Your objective → Please reproduce the entries below exactly as they stand, but leave the pictures out.

Source material →

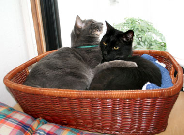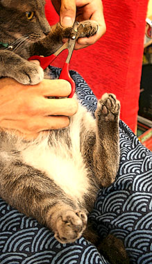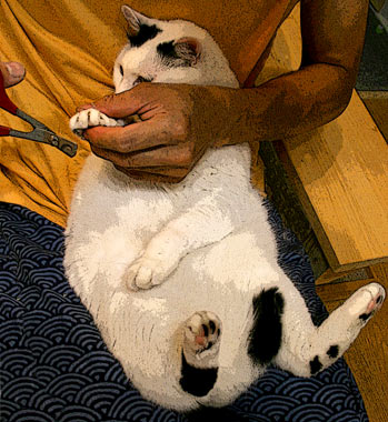 何があっても抱っこ猿。何も出来ない。 ソファに座ると、てつを叩いているかぶんたろ〜を触っているか、猿抱っこ。 小さくてかわいい。 その割には重いし落ちるし・・・一生懸命抱いていないといかn。ちょっとおかしい。 田崎は短パンタンクトップ完全夏仕様。窓全開の水シャワ。1年の半分は水シャワを浴びている。 久しぶりの・やっとのカイロプラクティック・気功。 肩の痛みは。 首が細いので弱い、血管も細い、血管が広がっても縮んでも凝って痛む。 今回は目の疲れと冷房負けとの事。 冷房場所では首に何かを巻くように指示有り。 そうなのだ、冷やすと痛むので右肩首は水シャワ中止、冷房場所では右肩を押さえていた。狙いは正しかったが、つめは甘かった。要完全防備。別名婆ぁかぁ? しかし今年の冷房は例年よりもまた一段と冷えていないか。道行く人も長袖厚物の人が多い。おかしい。 新宿ヨドバシで部材買い。 午後から片付けと作り物と庭仕事、蚊が多くて参った。 昼・車中で四谷PAUL買い食い、夜・うまい菅又味噌ラーメン。 (菅又曰く、頭が小さいので脳の緩衝剤が少なく振動にも弱い。血管が広がる・低気圧、血管が縮む・寒い・頭に血が行かないので痛む・・等等)・・・。何度聞いても血圧の話が覚えられない馬鹿な田崎である。 ---------------------- 一昨日、菅又が3階に上がっていくと、裏のビルの3階通路から、こちゃに、『とらちゃn』と呼びかけている声が聞こえたそうな。 最近こちゃは時々『とらちゃn』と揶揄される。嘘、かわいいねと呼ばれる。・・・・・・。 ---------------------- キーボードとマウスを取っ替え引っ替えしたせいで固まる固まるうんざり固まる更新時。元来のキーボードに戻して力一杯打っているところ。 |
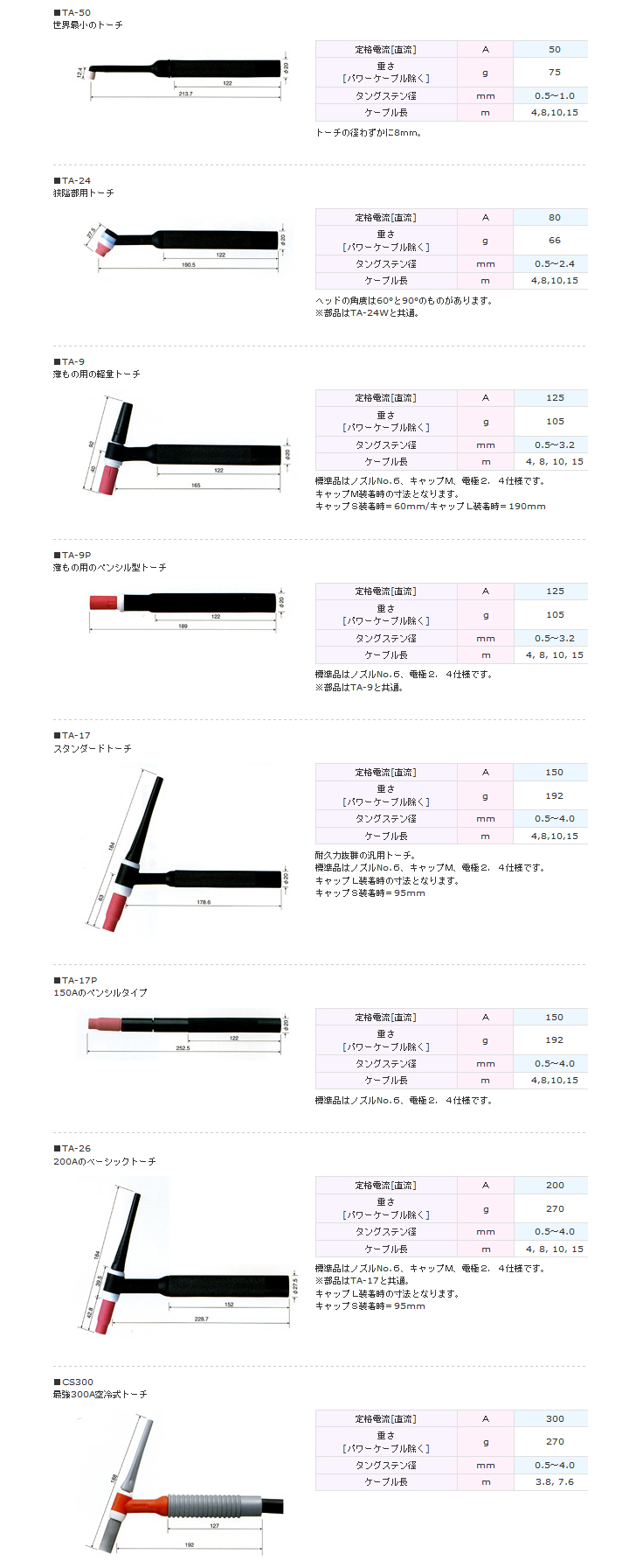 TOKINARC トーキン 半自動空冷TIGトーチ TA-50,TA-24,TA-9,TA-9P,TA-17,TA-17P,TA-26,CS300,TA-50 ・CS300 ・TA-18SP ・TA-27AAC ・TA-22B ・TTG Plus
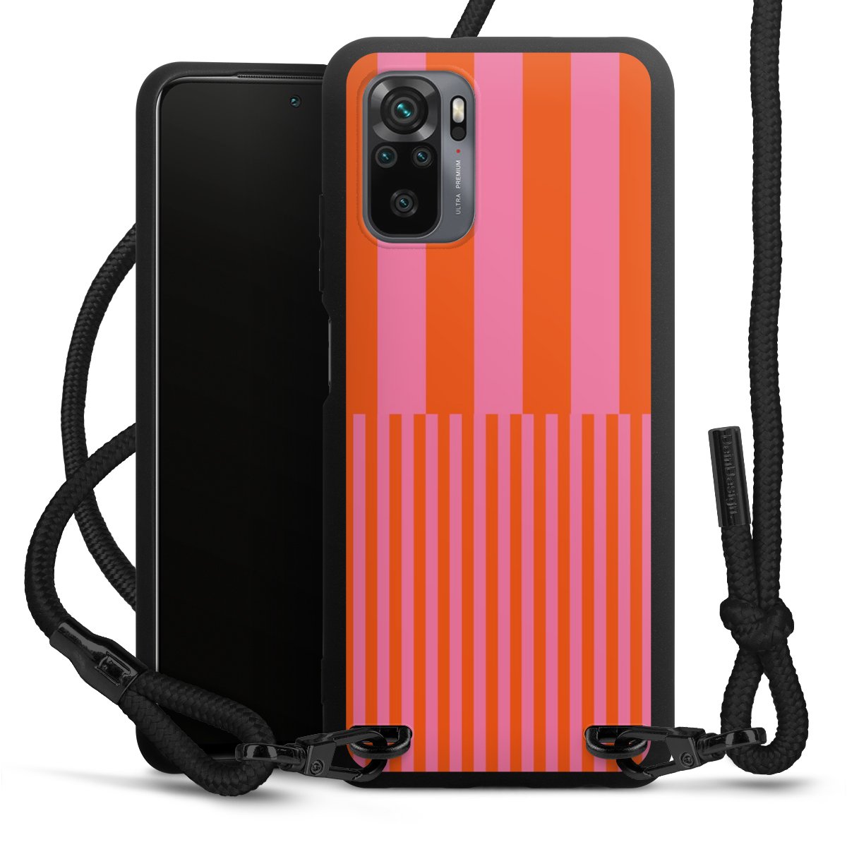 We use the solid direct print process for this phone case, which is why the print area only covers the back and the edge remains unprinted. The case to wear around your neck can be ordered unprinted, fully printed, or partially printed. For your design, either choose one of our exclusive shop motifs or get creative and create your own design, for example with photos and overlays. Design your own personal trend accessory and make an individual statement on the streets!
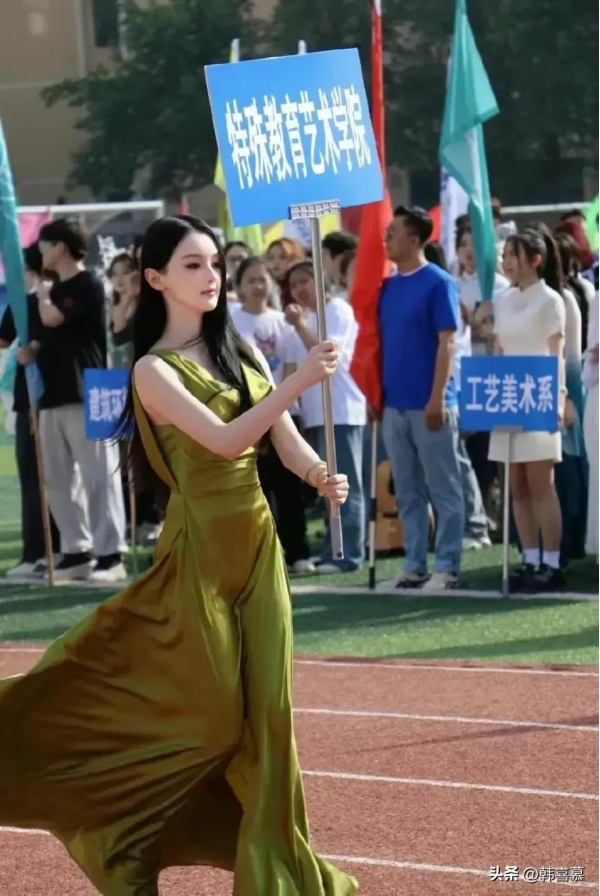 当时,她穿了一件绿色的裙子,一露面就让同学发出欢呼,她的颜值在学校里,就是校花一样的人。
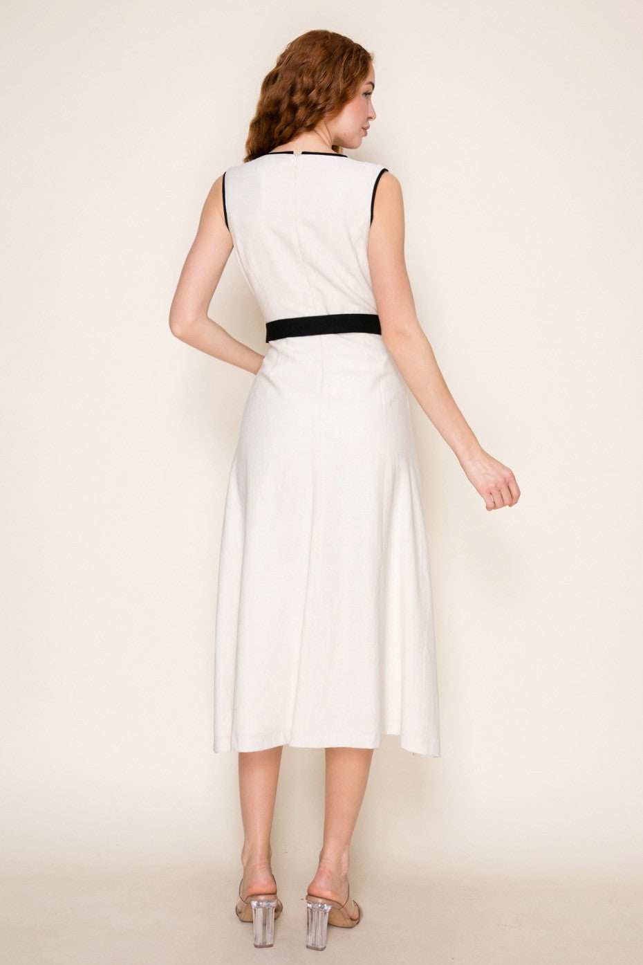 Effortless elegance meets everyday versatility in this white wrap midi dress. The sleeveless V-neckline flatters while the button closure ensures a secure fit, and the contrasting black belt defines your silhouette beautifully. Perfect for transitioning from office to evening, this timeless piece pairs easily with heels, flats, or sneakers. Model pictured wears size small.

Solution below →
 何があっても抱っこ猿。何も出来ない。 ソファに座ると、てつを叩いているかぶんたろ〜を触っているか、猿抱っこ。 小さくてかわいい。 その割には重いし落ちるし・・・一生懸命抱いていないといかn。ちょっとおかしい。 田崎は短パンタンクトップ完全夏仕様。窓全開の水シャワ。1年の半分は水シャワを浴びている。 久しぶりの・やっとのカイロプラクティック・気功。 肩の痛みは。 首が細いので弱い、血管も細い、血管が広がっても縮んでも凝って痛む。 今回は目の疲れと冷房負けとの事。 冷房場所では首に何かを巻くように指示有り。 そうなのだ、冷やすと痛むので右肩首は水シャワ中止、冷房場所では右肩を押さえていた。狙いは正しかったが、つめは甘かった。要完全防備。別名婆ぁかぁ? しかし今年の冷房は例年よりもまた一段と冷えていないか。道行く人も長袖厚物の人が多い。おかしい。 新宿ヨドバシで部材買い。 午後から片付けと作り物と庭仕事、蚊が多くて参った。 昼・車中で四谷PAUL買い食い、夜・うまい菅又味噌ラーメン。 (菅又曰く、頭が小さいので脳の緩衝剤が少なく振動にも弱い。血管が広がる・低気圧、血管が縮む・寒い・頭に血が行かないので痛む・・等等)・・・。何度聞いても血圧の話が覚えられない馬鹿な田崎である。 ---------------------- 一昨日、菅又が3階に上がっていくと、裏のビルの3階通路から、こちゃに、『とらちゃn』と呼びかけている声が聞こえたそうな。 最近こちゃは時々『とらちゃn』と揶揄される。嘘、かわいいねと呼ばれる。・・・・・・。 ---------------------- キーボードとマウスを取っ替え引っ替えしたせいで固まる固まるうんざり固まる更新時。元来のキーボードに戻して力一杯打っているところ。 |
 TOKINARC トーキン 半自動空冷TIGトーチ TA-50,TA-24,TA-9,TA-9P,TA-17,TA-17P,TA-26,CS300,TA-50 ・CS300 ・TA-18SP ・TA-27AAC ・TA-22B ・TTG Plus
 We use the solid direct print process for this phone case, which is why the print area only covers the back and the edge remains unprinted. The case to wear around your neck can be ordered unprinted, fully printed, or partially printed. For your design, either choose one of our exclusive shop motifs or get creative and create your own design, for example with photos and overlays. Design your own personal trend accessory and make an individual statement on the streets!
 当时,她穿了一件绿色的裙子,一露面就让同学发出欢呼,她的颜值在学校里,就是校花一样的人。
 Effortless elegance meets everyday versatility in this white wrap midi dress. The sleeveless V-neckline flatters while the button closure ensures a secure fit, and the contrasting black belt defines your silhouette beautifully. Perfect for transitioning from office to evening, this timeless piece pairs easily with heels, flats, or sneakers. Model pictured wears size small.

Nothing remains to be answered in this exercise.